Project Summary The hippocampus has considerable importance for memory and emotion, and it is a major site of pathophysiology associated with various neurological and psychiatric disorders. One striking feature of this brain region is its unique capacity for adult neurogenesis, a process by which new neurons are continuously generated from radial neural stem cells (rNSCs) throughout life in the dentate gyrus (DG). These adult-born neurons (ABNs) undergo a critical period of heightened synaptic plasticity, during which they make unique contribution to hippocampus-dependent behavior. Adult hippocampal neurogenesis (AHN) is dynamically regulated by neural circuit activity. However, a long-standing question remains on whether manipulating neural circuits can induce sufficient neurogenic effects for behavioral modulation. Recently, we identified a key subcortical region in the hypothalamus, supramammillary nucleus (SuM), which upon activation effectively promote AHN. Specifically, patterned stimulation of SuM neurons promotes self-renewal and neurogenic proliferation of rNSCs and maturation of ABNs, which collectively contributes to increased production of ABNs with improved properties. Importantly, chemogenetic manipulation of the activity of these SuM-enhanced ABNs bidirectionally modulates memory performance and innate anxiety.
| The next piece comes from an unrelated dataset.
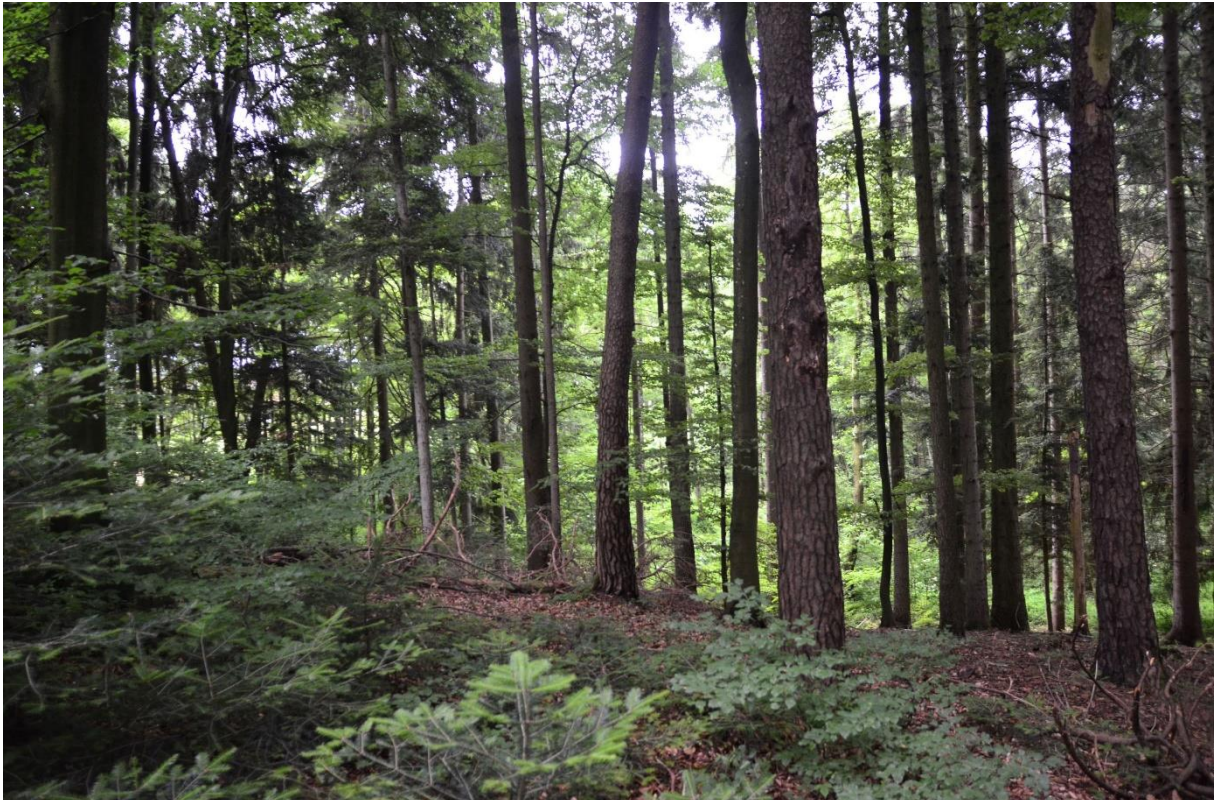
Abb. 25: Waldmeister-Buchenwald mit Tannen-Naturverjüngung westlich von Rückstetten

Es handelt sich hierbei um mitteleuropäische Buchenwälder auf neutralen, kalkhaltigen, basenreichen Böden der planaren bis montanen Höhenstufe. Die Krautschicht ist in der Regel gut ausgebildet und häufig reich an Geophyten. Teilweise ist Weißtanne ( Abies alba ) beigemischt. Da Deutschland im Zentrum des Verbreitungsgebiets der Rotbuche ( Fagus sylvatica ) liegt, kommt der Bundesrepublik eine besondere Verantwortung für diesen Lebensraumtyp zu (KNAPP et al. 2008). In Bayern würde dieser LRT potenziell natürlich mindestens 40 Prozent der momentanen Waldfläche einnehmen (LFU & LWF 2010).

These results highlight activity-dependent contribution of SuM- enhanced ABNs in hippocampal function. Interestingly, SuM neurons are highly responsive to environmental novelty (EN) and are required for EN-induced enhancement of neurogenesis. Building upon these findings, we propose the following aims to decipher mechanisms underlying SuM-mediated modulation of AHN and activity- dependent contribution of SuM-enhanced ABNs to brain-wide network dynamics. Aim 1 will determine the contribution of SuM glutamate or GABA transmission in mediating SuM-activity or environmental-novelty induced enhancement of hippocampal neurogenesis. Aim 2 will determine the functional properties of SuM-enhanced ABNs and molecular regulators underlying SuM-mediated enhancement of neurogenesis. Aim 3 will determine activity-dependent contribution of SuM-enhanced ABNs to local hippocampal circuit and brain-wide network dynamics.

项目概要 海马体对于记忆和情感非常重要，是大脑的主要部位。 与各种神经和精神疾病相关的病理生理学。这个大脑的一个显着特征 该区域是其独特的成体神经发生能力，即不断产生新神经元的过程 来自齿状回 (DG) 中的放射状神经干细胞 (rNSC) 的整个生命周期。这些成年神经元（ABN） 经历突触可塑性增强的关键时期，在此期间它们对 海马体依赖性行为。成人海马神经发生（AHN）由神经元动态调节 电路活动。然而，一个长期存在的问题仍然是操纵神经回路是否可以诱导 足够的神经源性效应用于行为调节。最近，我们发现了一个关键的皮层下区域 下丘脑、乳头上核 (SuM)，激活后可有效促进 AHN。具体来说， SuM 神经元的模式化刺激促进 rNSC 的自我更新和神经源性增殖 ABN 的成熟，这共同有助于增加具有改进性能的 ABN 的产量。 重要的是，这些 SuM 增强的 ABN 的活性的化学遗传学操纵可以双向调节 记忆表现和先天焦虑。这些结果强调了 SuM- 的活动依赖性贡献 增强 ABN 的海马功能。有趣的是，SuM 神经元对环境高度敏感 新颖性（EN）并且是 EN 诱导的神经发生增强所必需的。基于这些发现，我们 提出以下目标，以破译 SuM 介导的 AHN 和活动调节的机制- SuM 增强的 ABN 对全脑网络动态的依赖贡献。目标 1 将确定 SuM 谷氨酸或 GABA 传输在介导 SuM 活性或环境新奇性诱导中的贡献 增强海马神经发生。目标 2 将确定 SuM 增强的功能特性 ABN 和 SuM 介导的神经发生增强的分子调节剂。目标 3 将决定 SuM 增强的 ABN 对局部海马回路和全脑网络的活动依赖性贡献 动力学。